# Exercise directions:
All of the data should be restated word for word, with the pictures omitted.

··· Raw data ···

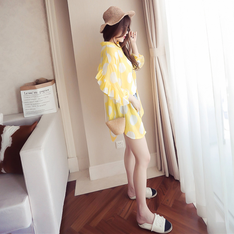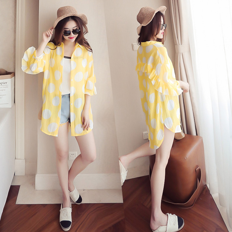 / 防曬衣女夏季新款韓版學生寬松七分袖荷葉邊中長款襯衫薄外套
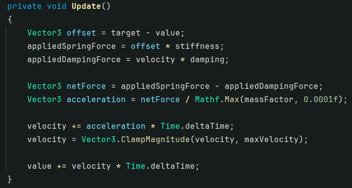 Therefore, I wrote a VectorSpring class with math based on Hooke's Law of Elasticity to easily add bouncy animation to the character through code. Essentially, each Spring component keeps track of a value (in this case, a 3D vector) and a target value, and continuously updates the current value through simulated spring-like forces based on the difference between the current value and the target value.A spring's stiffness and damping can be easily configured to achieve the right feel.
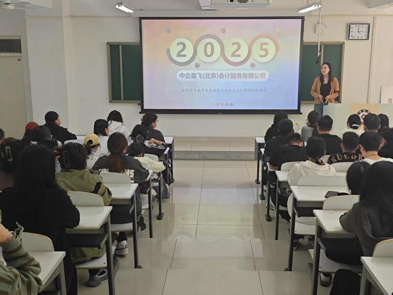 本次宣讲会分为企业宣讲和答疑环节两个部分。活动伊始,中企盈飞经理毕显娟向同学们介绍了公司的自身优势。她指出,公司为实习生提供学徒制就业服务,手把手带教,这有效实现知识在实际工作中的应用,可以提高工作效率,使毕业生更快适应工作。同时,她强调公司还为学生提供岗前培训,帮助学生适应从校园到企业的过渡,优化知识与实践的配对。随后毕经理通过实拍照片向同学们展示了公司为员工提供的干净整洁的工作环境和现代化办公区域。她还通过视频的方式介绍了公司举办的团建活动,弘扬了公司人性化的企业文化。

···

# Solution to this problem:
 / 防曬衣女夏季新款韓版學生寬松七分袖荷葉邊中長款襯衫薄外套
 Therefore, I wrote a VectorSpring class with math based on Hooke's Law of Elasticity to easily add bouncy animation to the character through code. Essentially, each Spring component keeps track of a value (in this case, a 3D vector) and a target value, and continuously updates the current value through simulated spring-like forces based on the difference between the current value and the target value.A spring's stiffness and damping can be easily configured to achieve the right feel.
 本次宣讲会分为企业宣讲和答疑环节两个部分。活动伊始,中企盈飞经理毕显娟向同学们介绍了公司的自身优势。她指出,公司为实习生提供学徒制就业服务,手把手带教,这有效实现知识在实际工作中的应用,可以提高工作效率,使毕业生更快适应工作。同时,她强调公司还为学生提供岗前培训,帮助学生适应从校园到企业的过渡,优化知识与实践的配对。随后毕经理通过实拍照片向同学们展示了公司为员工提供的干净整洁的工作环境和现代化办公区域。她还通过视频的方式介绍了公司举办的团建活动,弘扬了公司人性化的企业文化。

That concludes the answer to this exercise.